L'allarme di Emergency

“La situazione è abbastanza fluida, nel senso che ci sono stati intensi combattimenti la settimana scorsa, poi c’è stato qualche giorno di calma e nelle ultime 24/48 ore sono ricominciati forti combattimenti”, spiega a Vatican News Emanuele Nannini, responsabile dell’area emergenza di Emergency, ong che dal 2004 nell’Helmand, a Lashkar-gah ha l’unico ospedale attrezzato per la chirurgia delle ferite da guerra.
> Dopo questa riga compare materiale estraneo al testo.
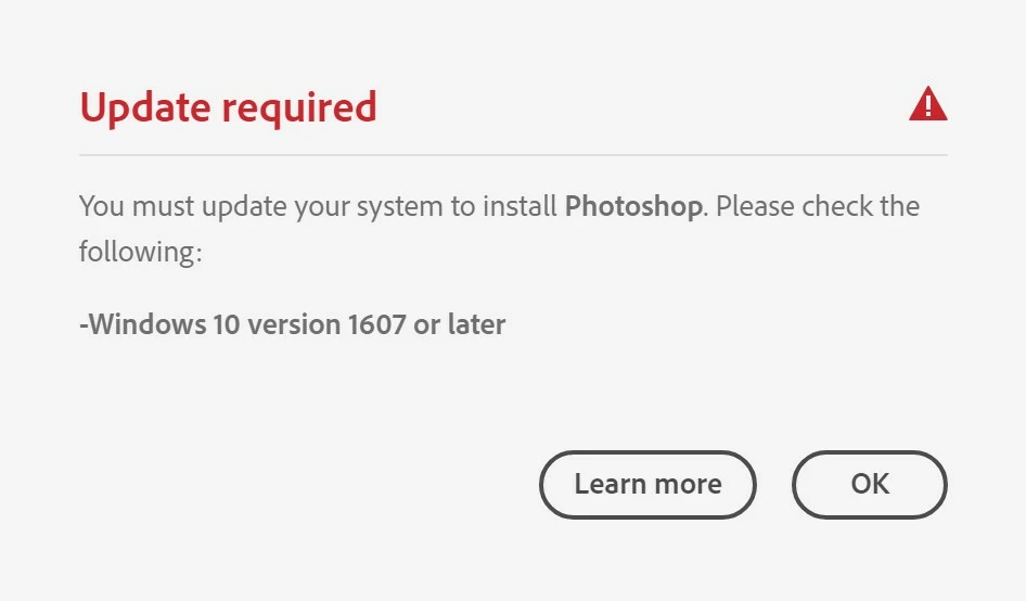 I have no idea why Adobe CC thinks my PC is running an older version of the OS and cannot update PS to v23. The same goes for all other software from Adobe CC:

Ascolta l'intervista integrale a Emanuele Nannini

I pericoli per l'ospedale

50 i pazienti arrivati negli ultimi giorni, riferisce Emergency in un comunicato, con i combattimenti che sono arrivati a cinque chilometri dall’ospedale. “Il nostro staff sente frequentemente esplosioni e ieri c’è stata un’autobomba”, riferisce Nannini, tornato da pochi giorni dall’Afghanistan. “Le strutture fanno fatica a rispondere ai bisogni e l’afflusso di pazienti è stato molto costante”, spiega, sottolineando come il timore che l’edificio venga coinvolto dagli scontri ha fatto sì che l’ospedale di Lashkar-Gah sia l’unico di Emergency ad avere un bunker – anche se fortunatamente non è mai stato utilizzato.

Una pace ancora lontana

Le offensive di questi giorni avvengono mentre sono ancora formalmente in corso i colloqui di pace in Qatar tra governo e talebani, sotto la supervisione degli Stati Uniti e in questo momento in una situazione di stallo per questioni procedurali. “Purtroppo il livello di violenza è veramente senza precedenti”, spiega ancora Nannini. “Questo conflitto che si porta avanti da quasi quarant’anni fa sì che la violenza sia diventata un elemento trasversale in tutta la società”.